During this workshop, brittle rock mass failure processes will be reviewed within a framework of support selection for highly stressed ground. Deficiencies in current approaches will be discussed with the intent of pointing the way to more rational support design methods for conditions experiencing mining-induced stress change.
Clearly, excavation-induced seismicity and rockburst problems increase with depth and cannot be prevented. Whereas the seismic risk can be reduced by selecting appropriate mining methods and sequences and by strategically placing developments and infrastructure, the last line of defence always comes from effective static and burst-resistant rock support systems that prevent or minimize damage to excavations and thus enhance workplace safety.
This one-day workshop is intended to stimulate discussion on the above-described engineering challenges.
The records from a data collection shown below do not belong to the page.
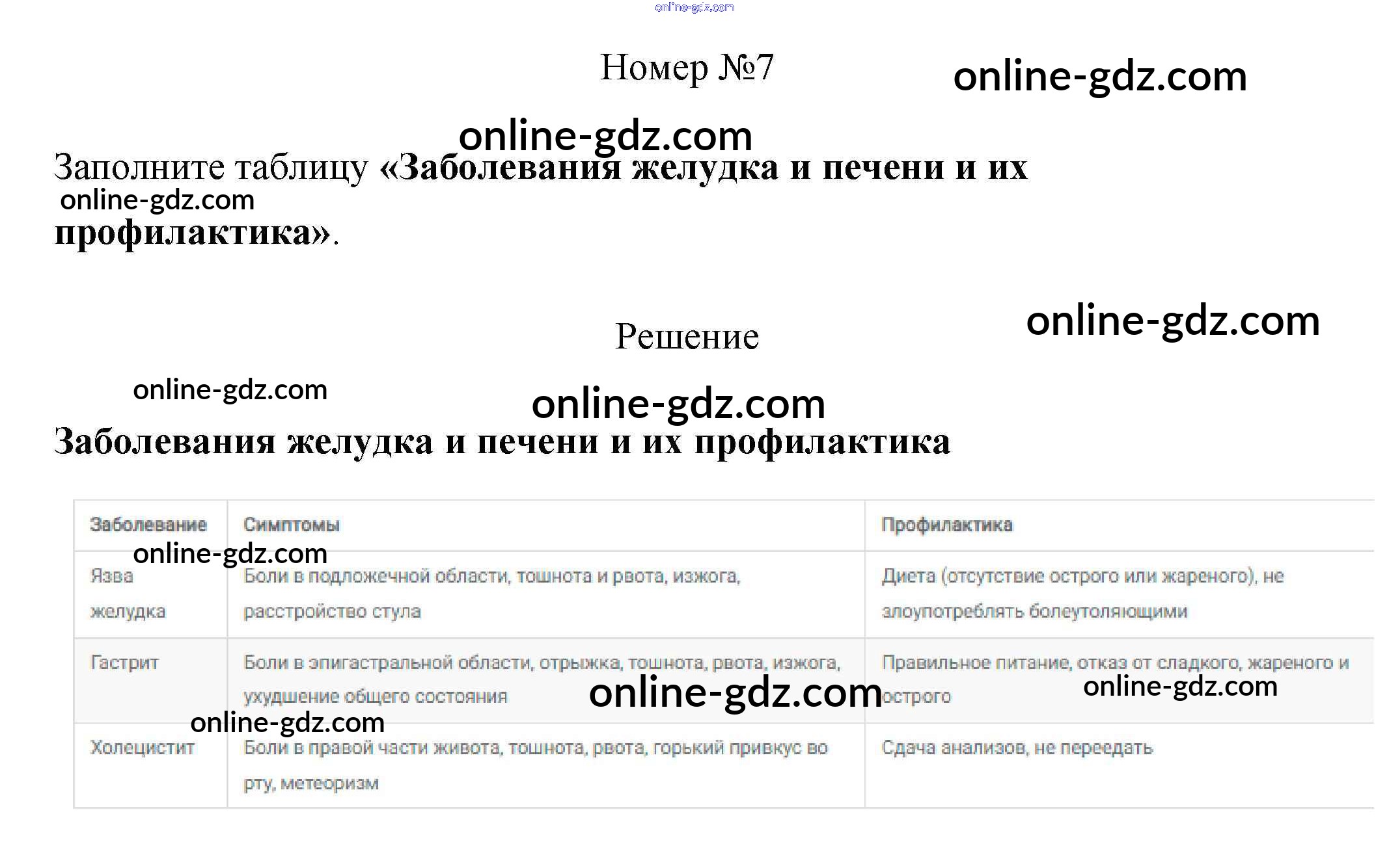 Готовые домашние задания по Биологии за 8 класс Рабочая тетрадь Пасечник, Швецов Линия жизни 2019 - §26. Пищеварение в желудке и кишечнике 7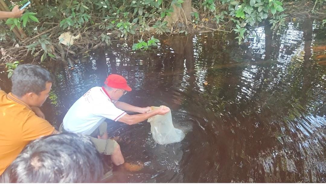 Salah satu langkah nyata yang dilakukan adalah penebaran ribuan ekor benih ikan nila di tiga titik aliran sungai di Desa Kualan Hilir, Kecamatan Simpang Hulu, Kabupaten Ketapang, Kalimantan Barat.
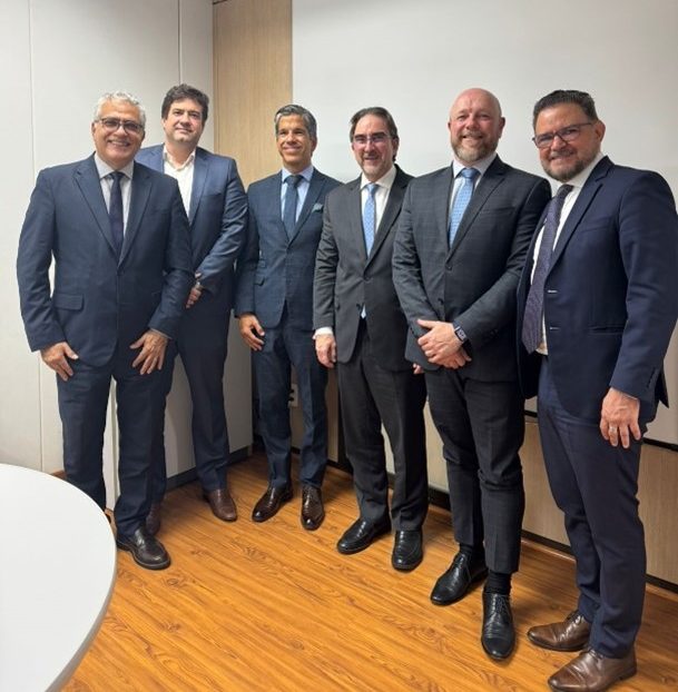 Liderados pelo presidente da ABF, Tom Moreira Leite, participaram do encontro Aluizio Neto, assessor parlamentar; Christino Áureo, deputado federal pelo Rio de Janeiro de 2019 a 2023; Marco Araujo, sócio da A2M Consultoria; Sandro Cupello, Chief Financial Officer (CFO) do Grupo Trigo; e Sidnei Amendoeira, diretor Jurídico da ABF.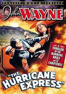 The Hurricane Express is a 1932 American Pre-Code 12-chapter Mascot Pictures film serial.[1] Written by Colbert Clark, Barney Sarecky, Wyndham Gittens, George Morgan, and J.P. McGowan, the serial was directed by Armand Schaeffer and J.P. McGowan and produced by Nat Levine. The Hurricane Express stars John Wayne as aircraft pilot Larry Baker. Wayne goes after a mystery villain named "The Wrecker", who was responsible for a train crash that killed Baker's father.[2]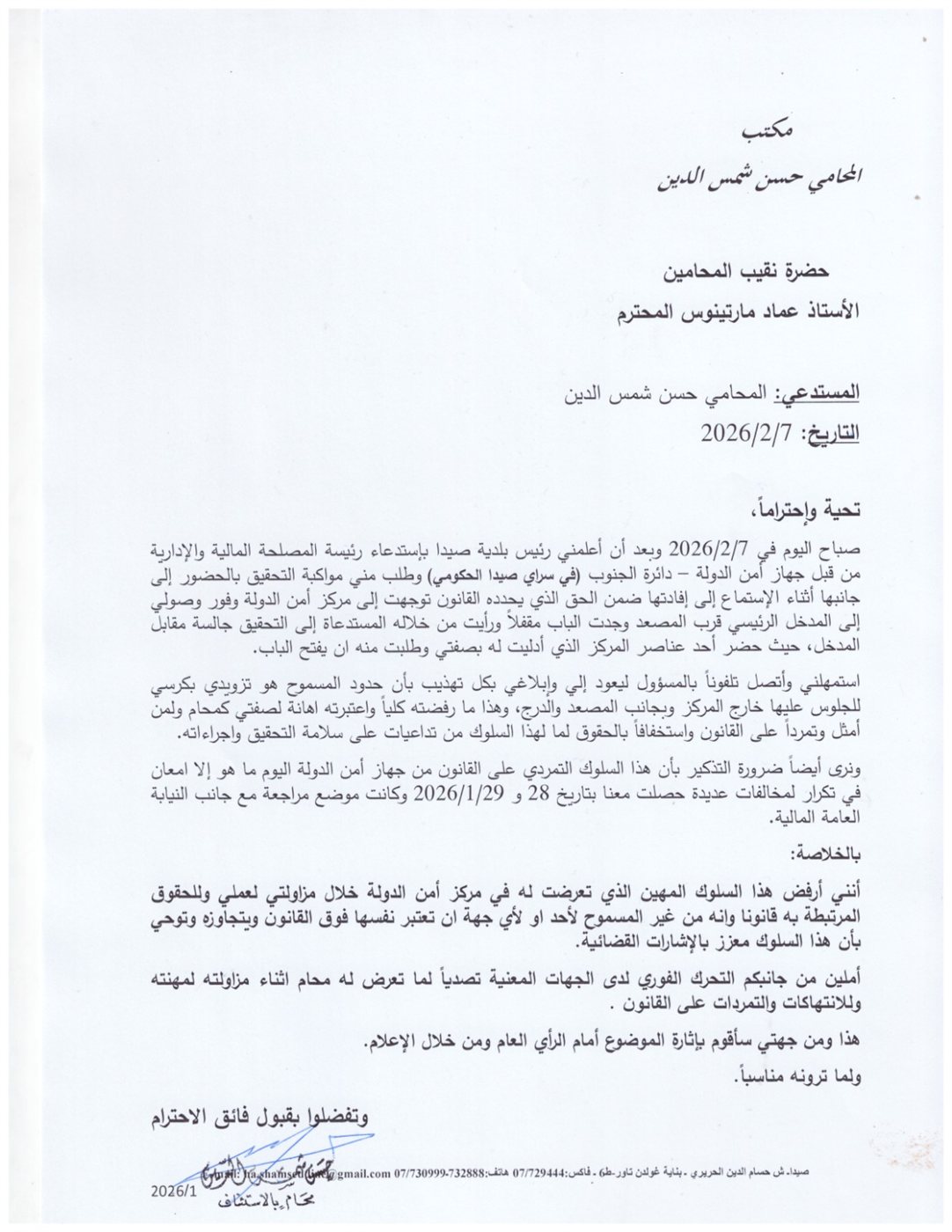 المحامي حسن شمس الدين يرفع كتابا الى نقيب المحامين عماد مارتينوس يشرح فيه ما حصل معه في سرايا صيدا خلال قيامه بممارسة مهنته كمحام لبلدية صيدا ومواكبته للتحقيقات الجارية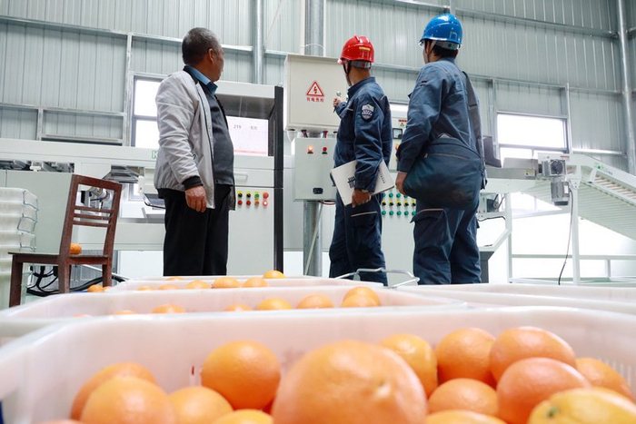 眼下正值脐橙采收加工旺季,贵州省黔西南布依族苗族自治州晴隆县鸡场镇柑橘加工厂房内,全自动化选果生产线高速运转。色泽鲜亮的脐橙依次完成清洗、烘干、分级等工序,几名工作人员在设备旁有序装箱,一箱箱优质脐橙即将发往全国各地市场。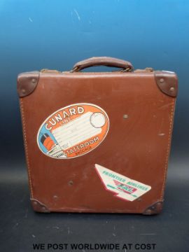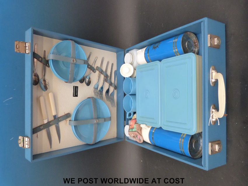 A retro Sirram picnic set, travelling case with Cunard sticker and a set of kitchen scales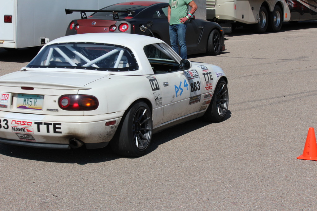 It stopped raining at about 7:30 in the morning, we missed our first session but managed to finish installing the hard top, fire extinguishers, right side nets, new stickers for classing and contingency, changed wheels, and finished buttoning up the car. Weather was awesome for the rest of the weekend, the track had dried out by about mid day on Saturday. Was a much needed escape from the 110+ degree heat here in the Phx area.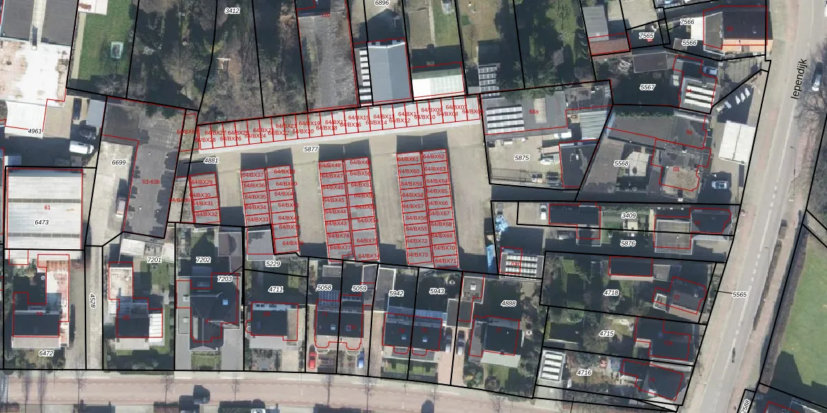 Iependijk 64-BX57 is gelegen op kadastraal perceel GOO00C5877. Deze kadastrale aanduiding is uniek en wordt gebruikt door het Kadaster om eigendomsrechten en andere zakelijke rechten vast te leggen. Het perceel maakt onderdeel uit van de kadastrale gemeente Goor.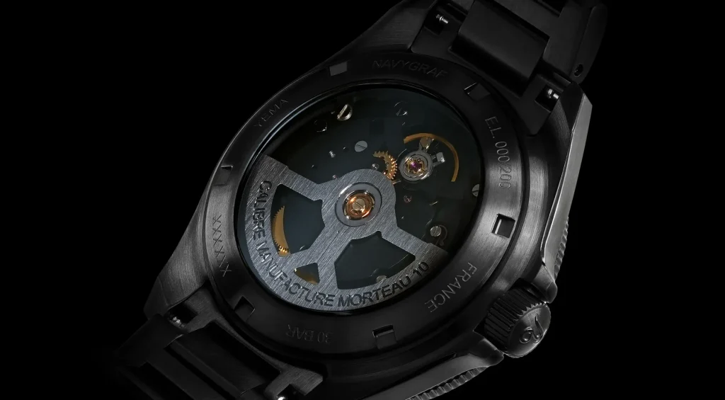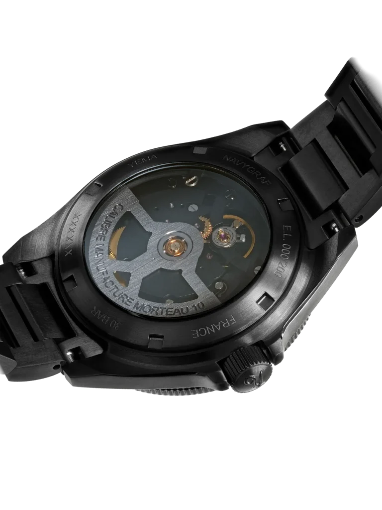 Impressively, integrating this crystal display does not compromise the watch’s serious professional credentials. The Navygraf maintains a rock-solid 30 BAR (300 meters) depth rating, bolstered by a robust, solid IP black screw-down crown that features the brand’s embossed logo.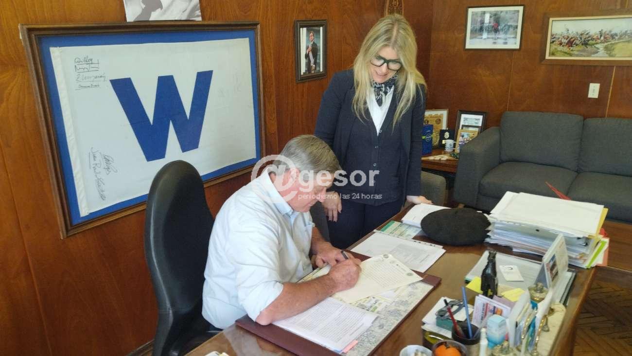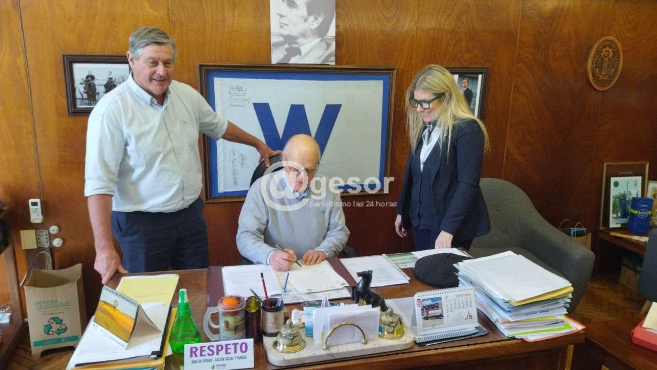 En el acto de firma estuvieron presentes el Intendente de Soriano, Guillermo Besozzi, el Secretario General de la comuna, Esc. Daniel Gastán, junto al alcalde de Palmitas Juan Vinçón y la edila María Jaime.

The presentations will cover limitations of standard support design by rock mass ratings, aspects of deformation-based support design, limitations of ground-motion based burst-support design, engineering challenges of strain-bursting ground, methods to control and mitigate seismic risk by use of support to mitigate damage.
The workshop content will largely cover, but in much more detail material presented in keynote lectures by the author between 2013 and to-date, including findings presented at the World Tunnelling Congress and the 50th US Rock Mechanics Symposium in 2015. The dynamic aspects are based on research findings from the Canadian RockburstSupport Handbook (CRBSHB, Kaiser et al. 1996) supplemented with recent developments and experiences as well as a design tool, called BurstSupport, which significantly simplifies the support design task for burst prone ground. Through a mix of lectures, demonstrations, and active discussions with the attendees, the science, the art and practical aspects of support selection will be explored.